3. Explain why phenylamine is basic, but less basic than ammonia

The lone pair on nitrogen interacts with the delocalised pi system of benzene.

Therefore it is less available for donation which makes phenylamine a weaker base than NH₃.

But phenylamine is still able to function as a base, hence it is more basic and has a lower pK_b than amide.

For comparing basicity of nitrogen compounds amine, ammonia, phenylamine and amide, check out my previous video.

4. Explain why N₁ of imidazole is most basic

There are 2 nitrogens in imidazole (let's name them N₁ and N₄).

Interestingly both nitrogens seem to have lone pairs but N₁ is basic while N₄ is neutral.

Although not very obviously mentioned in the question, we can deduce that the cyclic structure in imidazole is aromatic.

In the cyclic structure, there are 2 pi bonds (between C₂-C₃ and N₁-C₅) and one lone pair on N₄ that can interact with each other to form a delocalised pi system.

This delocalisation is interesting because the number of delocalised electrons is 6, which is the same as that of benzene.

This means that like bezene, imidazole has a closed delocalised ring of 6 pi electrons.

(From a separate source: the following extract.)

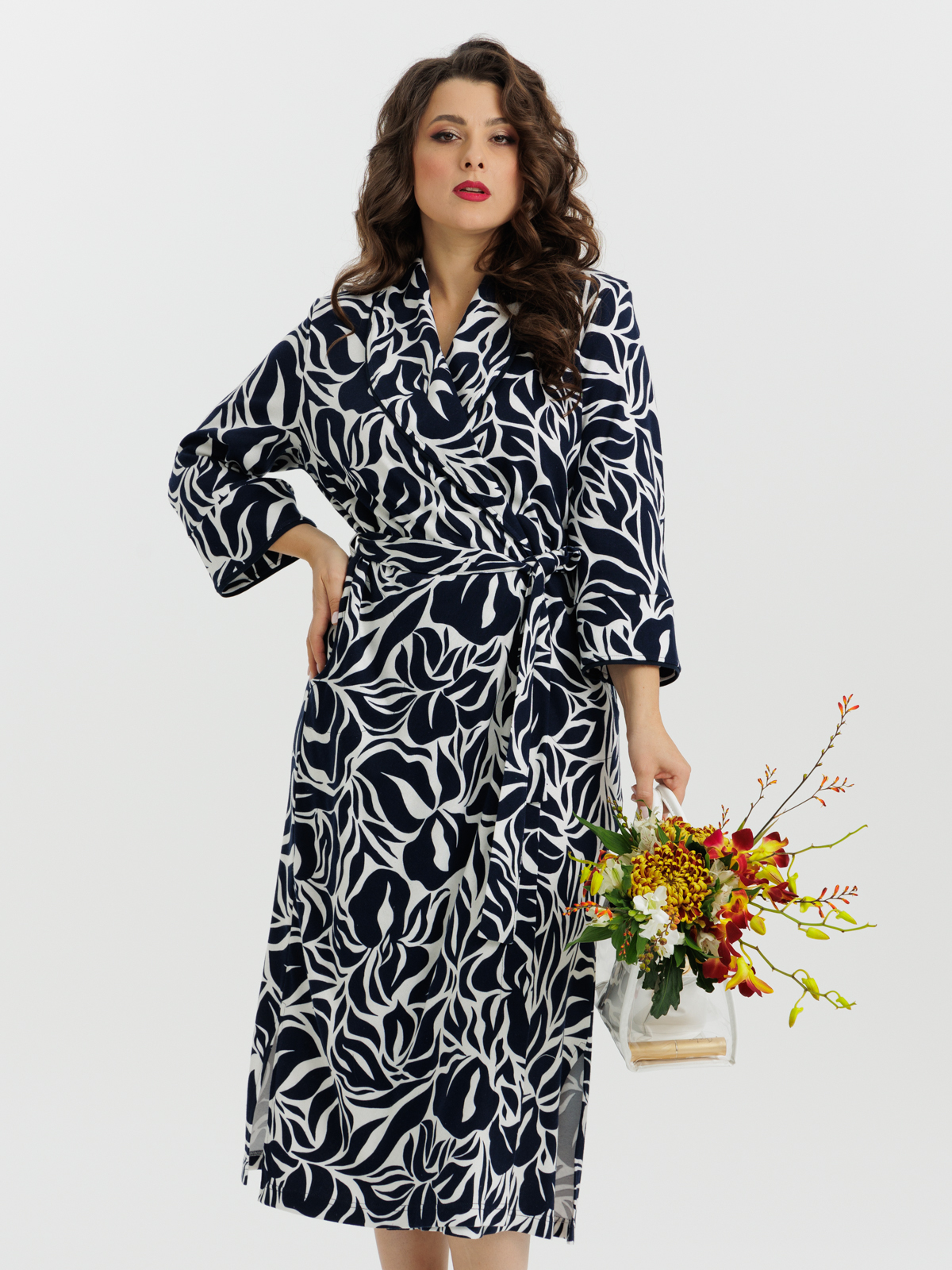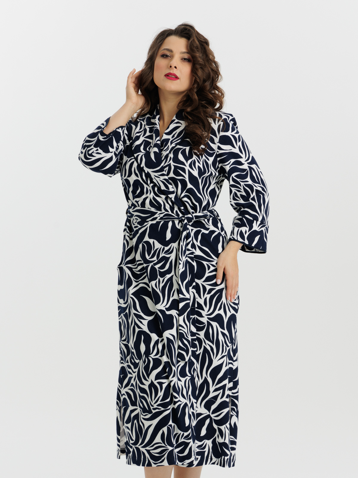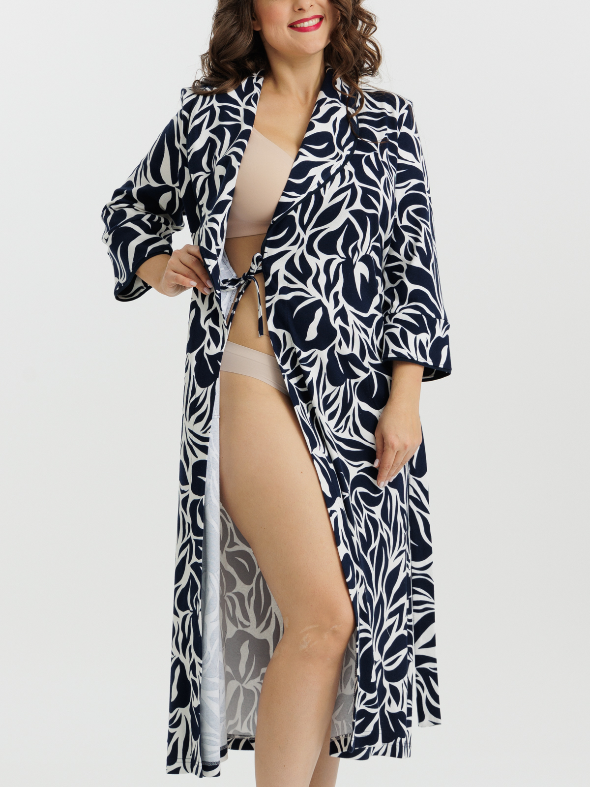 Стильный и уютный халат с карманами, боковыми разрезами и рукавом 3/4. Модель прямого силуэта на запахе, талию подчеркивает съемный пояс. Воротник и манжеты рукавов отдекорированы контрастным кантом. Утонченный дизайн в сочетании с оригинальным цветовым решением создают изумительный образ.

Therefore it is considered an aromatic compound with resonance stability, just like benzene.

Since N₄ needs to use its lone pair for aromaticity, it is not available for donation and N₄ is neutral.

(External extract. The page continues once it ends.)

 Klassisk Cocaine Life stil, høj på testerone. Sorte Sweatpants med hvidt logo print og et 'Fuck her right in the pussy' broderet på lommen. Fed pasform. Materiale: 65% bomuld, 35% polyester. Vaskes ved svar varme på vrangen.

N₁ on the other hand already forms a pi bond which contributes to the delocalised system.

N₁ is sp² hybridised and its basic shape is trigonal planar.

Its lone pair is pointing away from the cyclic structure and is unable to interact with the delocalised pi system.

Therefore the lone pair will be available for donation, which makes N₁ the strongest base in this question.

Topic: Nitrogen Compounds, Organic Chemistry, A Level Chemistry, Singapore

Back to other previous Organic Chemistry Video Lessons.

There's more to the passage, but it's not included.